The most galling aspect of the closure, he added, was that prior to Ispat taking over, workers who took a redundancy package received £1,200 per year of service and when Ispat later called for further redundancies this was increased to £1,250.

"We should demand at least the same terms from this multinational company," Mr Kerrigan said. As things stand, he will receive a cheque for £3,400.

The closure forced Mr Liam Gilley, an electrician with three children, to cancel his family holiday and lose a booking deposit of £160. He expects to get a redundancy cheque of £3,000.

While workers are waiting to hear their fate, creditors owed more than £14 million are just as anxious to hear theirs.

For many small firms, like Cork Truck Services, £110,000-plus is a lot of money. Mr Pat Ferriter, a director of the company which employs 30 staff, was hoping lay-offs could be avoided.
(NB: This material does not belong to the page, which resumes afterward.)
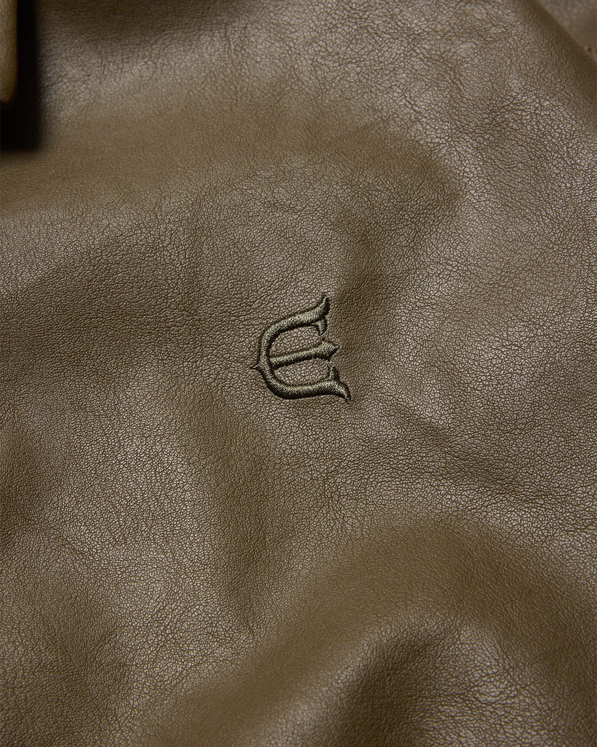 シボ加工が落ち着いた印象の扱いやすい合成皮革を使用したブルゾン。

He believes strongly that Ispat International should not be allowed to call its investment in the Cork plant a loan and thinks creditors will be lucky to get between 5p and 10p in the pound.

Avonmore Electrical Rewinds, of Mallow, Co Cork, with 70 employees, is owed £56,000. How much will be recovered eventually is an unknown at this stage, said Mr Charlie Drake, credit controller. Ispat paid his company one cheque on the week of the closure but warned of a cash-flow problem and asked him not to lodge it. When he did he found the cheque to be useless.

Munster Metal Company Ltd, in Limerick, is listed in the Ispat statement of affairs for £190,000 but the final amount will be less than that, according to managing director Mr Malcolm Clein. Now that Ispat is closed, his company must look immediately to foreign markets. "Right now, we're trying to readjust but we don't know where we stand as of yet. One thing is certain though, if the Ispat claim was off the creditors' list, we'd all do better. There are major questions about the Ispat loan."